Dentists who are practicing on their own business with a partner should consider drafting a buy-sell agreement. Since there is a partner to the practice, this agreement settles everything when one or both partners die, leave, retire, or become disabled. You can ask dental brokers Columbus Ohio for help in this matter. To have a clear understanding of this, here are things to ask the broker about.
First, better ask if this purchase is optional or if this will become required during a triggering event. For death and disability, you will most possibly want the purchase to be required during a triggering event. The exception for this purchase which will make it option would be when the partner leaves or retires from this business.
You have to ask clearly what the definition of permanent disability is. This should be a condition that is clearly spelled out in the agreement. In the case of this agreement, the best condition is when one is already disabled for 12 months and there is no clear expectations for one's return anytime soon. This is then presumed as permanently disabled.
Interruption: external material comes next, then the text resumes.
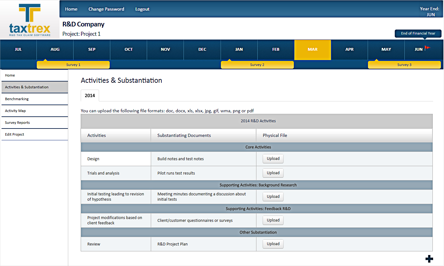 The TaxTrex survey system prompts you to identify documents such as research papers, design iterations and technical feedback that are relevant to your research project. You can then upload and save these documents to the document storage facility. In the event of an audit, you can rest assured that all your important documents are located in the one place.

Ask regarding the method on how to establish the price for the buy and sell transaction. It is required to have a buy-out price and the buy-out price might just be the most difficult item in the agreement to decide on. Consider if the buy-out price is to be determined via appraisal or if you will follow a predetermined formula for it.
The partners might have some disputes in their practice, especially with regards to some major decisions. To prevent things from possibly escalating further, it is highly recommended to cite in the agreement to have a binding arbitration for it. This will become the mechanism for resolving the disputes cheaply than going to a court of law.
You have to ask if either of the partners can sell a partial interest of their shares. Truthfully speaking, you might want to restrict this. Make a stipulation to whom the partner may sell part interest or all of the shares in this practice. This way, you still have a choice of who will become your business partner in this practice.
Every business will have accounts receivables, debts, equipment, and vehicles. In the agreement, it should stipulate clearly how the practice's debts and accounts receivables are to be handled upon buy-out. For the equipment and vehicles, it should be clearly cited how they are to be distributed between the partners involved in the said practice.
You have to ask more on the payout terms. You must have a definite understanding on what the payout terms are so that the transaction becomes easier for both the parties involved. It can be in installment payments or you can have an outside lender fund the buy-out. You can also use a collateral to guarantee the buy-out.
Ask if it is okay to have a restrictive covenant provision. There are terms in the restrictive covenant provision, especially regarding future interactions with the practice. The partner selling shares should be asked to sign this reasonable restrictive covenant. Your plans will be affected greatly by this covenant so think carefully before signing the said agreement.
First, better ask if this purchase is optional or if this will become required during a triggering event. For death and disability, you will most possibly want the purchase to be required during a triggering event. The exception for this purchase which will make it option would be when the partner leaves or retires from this business.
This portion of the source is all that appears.